Incident SLA Management in Service Manager

Incident SLA Management in Service Manager

Rate This
  • Comments 49

This blog post describes how to build a custom SLA management solution in SCSM.  If you are looking for more of a plug and play solution check out a solution provided by our partner Cased Dimensions that provides Service Level Management.  Check out the Cased Dimensions demo video.
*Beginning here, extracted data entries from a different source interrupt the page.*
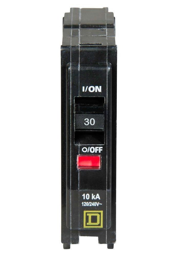 SQUARE D QO SINGLE POLE CIRCUIT BREAKER - 30 AMPThe Square D QO 30-amp single pole circuit breaker features the exclusive VISI-Trip indicator that snaps the handle to a midpoint position and reveals a red flag when tripped, making it easy to identify in a loaded panel.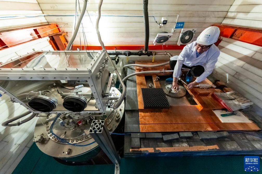 7月3日,在中國錦屏地下實驗室,楊麗桃博士在檢查實驗裝置運行情況。新華社記者 沈伯韓 攝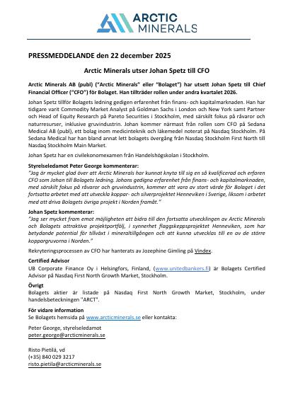 Arctic Minerals AB (publ) ("Arctic Minerals" eller "Bolaget") har utsett Johan Spetz till Chief Financial Officer ("CFO") för Bolaget. Han tillträder rollen under andra kvartalet 2026.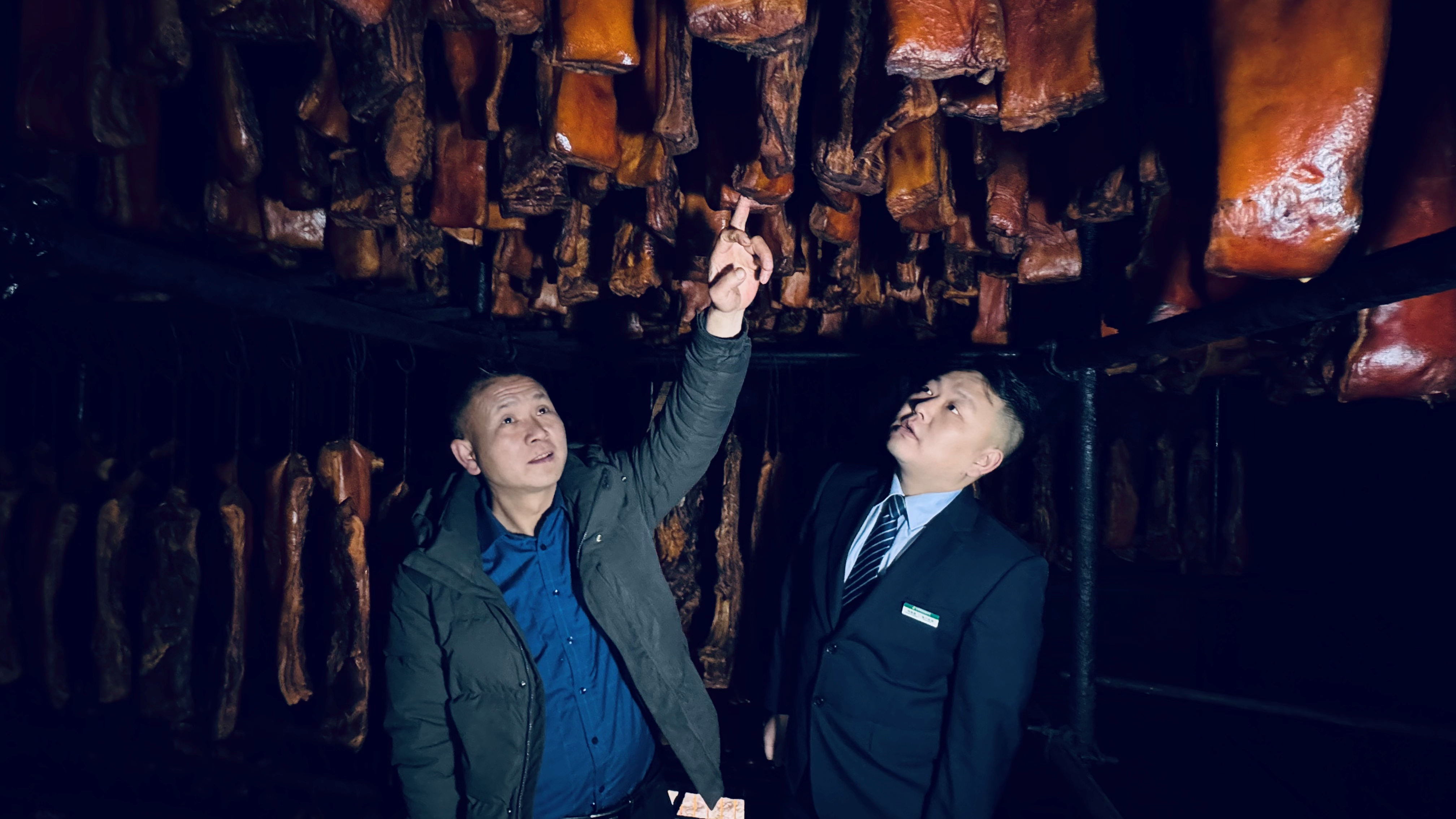 图为满满当当的香肠悬挂在铁架之上,正在进行风干工序。随着马年春节的销售旺季临近,企业需要进一步扩大产能、完善设施、储备优质原料,资金成为程鹏食品面临的现实问题。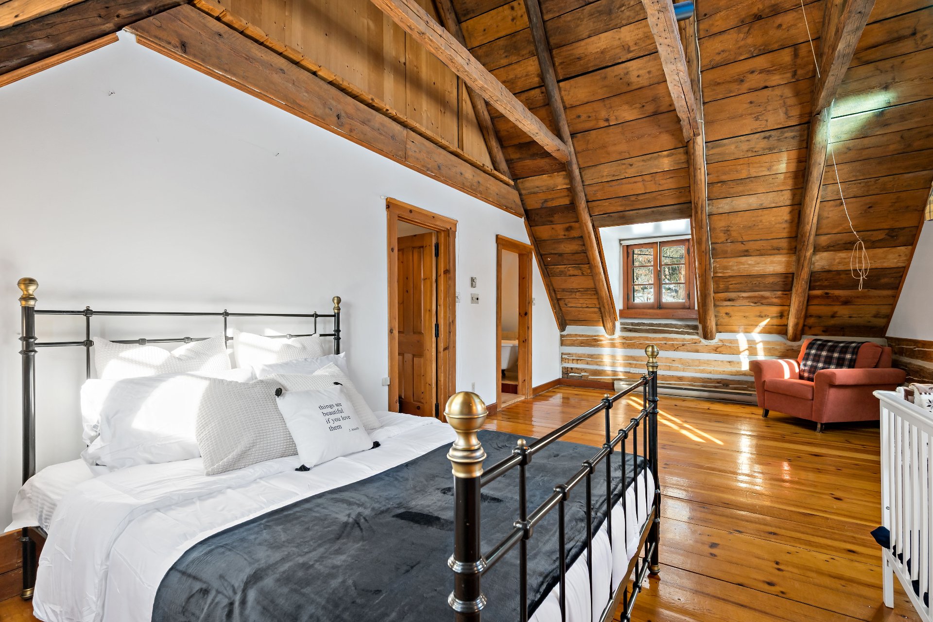 Domaine ancestral emblématique début du 20e siècle sur plus de 26 acres, avec trois étangs privés, un réseau de sentiers et aucun voisin arrière. Lumineuse et pleine de caractère, la résidence en madriers carrés équarris à la main offre 5+1 chambres, fenêtres à battants avec crémones, riche boiserie, plafonds voûtés, poutres apparentes, planchers rustiques à larges lattes et majestueuse cheminée de pierre. Intimité, envergure et potentiel exceptionnel pour refuge familial, projet d'écotourisme, auberge ou gîte. Doit être acheté avec le lot adjacent de 108 acres (lot 6 028 585: 459 000 $). Acheteur responsable des vérifications. Voir addenda.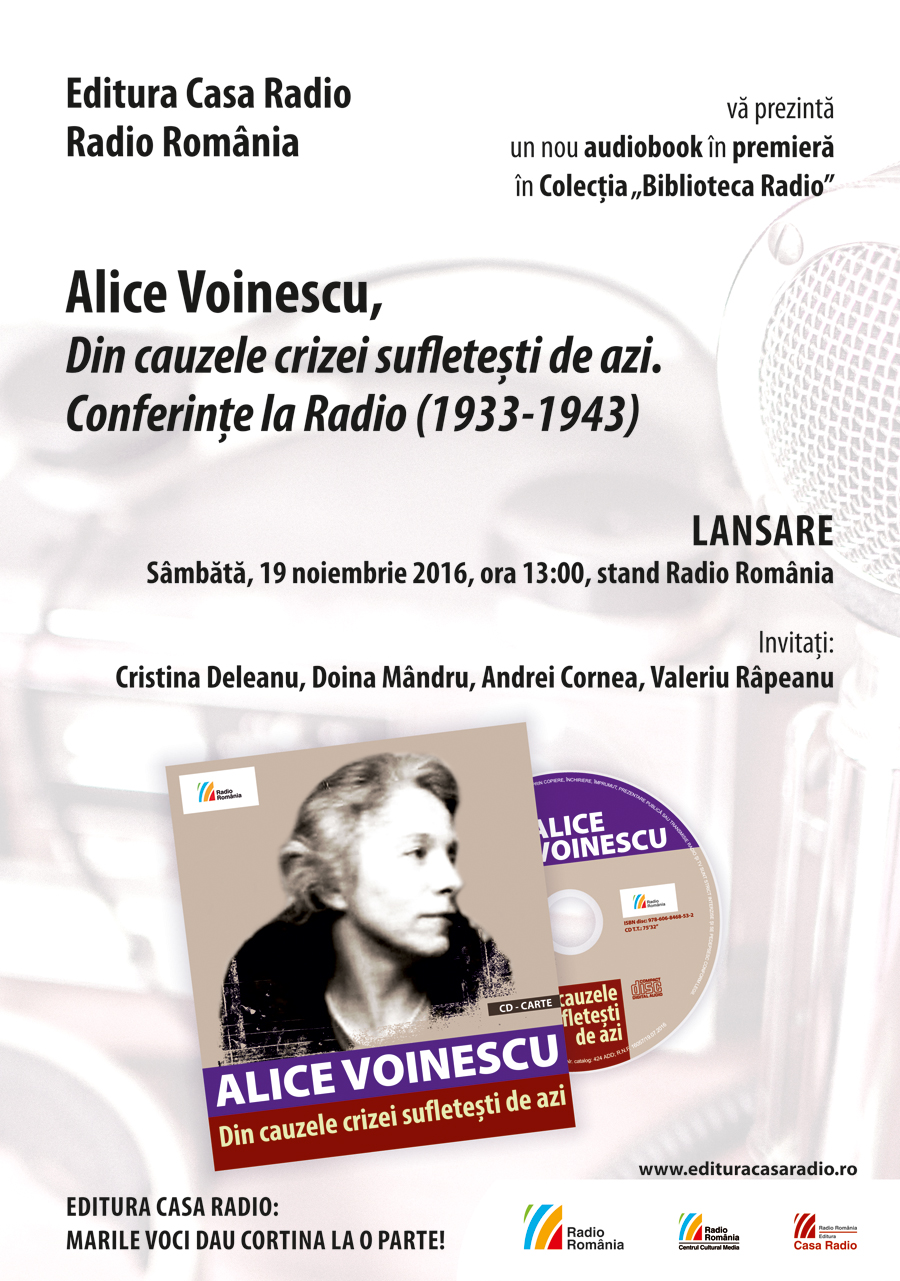 Sâmbătă, 19 noiembrie, ora 13:00: Lansarea audiobook-ului Alice Voinescu, Din cauzele crizei sufleteşti de azi. Conferinţe la Radio (1933-1943). Invitaţi: Cristina Deleanu, Doina Mândru, Andrei Cornea, Valeriu Râpeanu.

A question that has been discussed eagerly on forums regarding Service Manager 2010 is how to be able to take action upon incidents breaching their Service Level Agreement (SLA). In this post Patrik Sundqvist and I will show you one way to do it. There are three goals of this blog post:

  1. Explain how to configure incident SLAs in Service Manager 2010.
  2. Explain how to use the plug and play solution that we built for managing SLAs.
  3. Explain how we built the solution and in particular how to create custom Windows Workflow Foundation activities that use the Service Manager SDK.

How to Configure Incident SLAs in Service Manager

When an incident is registered within Service Manager, it will get a priority based on a priority calculation drive by the urgency and impact of the incident. The priority and target resolution time are also recalculated each time the impact and/or urgency changes. The calculation is based on a matrix which can be configured directly in the console at "Administration" – "Settings" – "Incident Settings".

image

 

In the same place where you configure the priority matrix you're able to define target resolution times per priority level.

image

 

As mentioned above, when an incident is registered in Service Manager it receives a priority based on the matrix. At the same time as it receives the priority it also get's a "Target Resolution Time", which is based on the priority and the resolution time configuration.

image

 

Notice here how the Priority is set to 1 because the Impact and Urgency are both High. The priority is determined by the Urgency/Impact matrix shown above.

image

 

Here, notice how the Resolve By (also called 'Target Resolution Time') is set to the time the incident was created plus 30 minutes per the configuration shown above.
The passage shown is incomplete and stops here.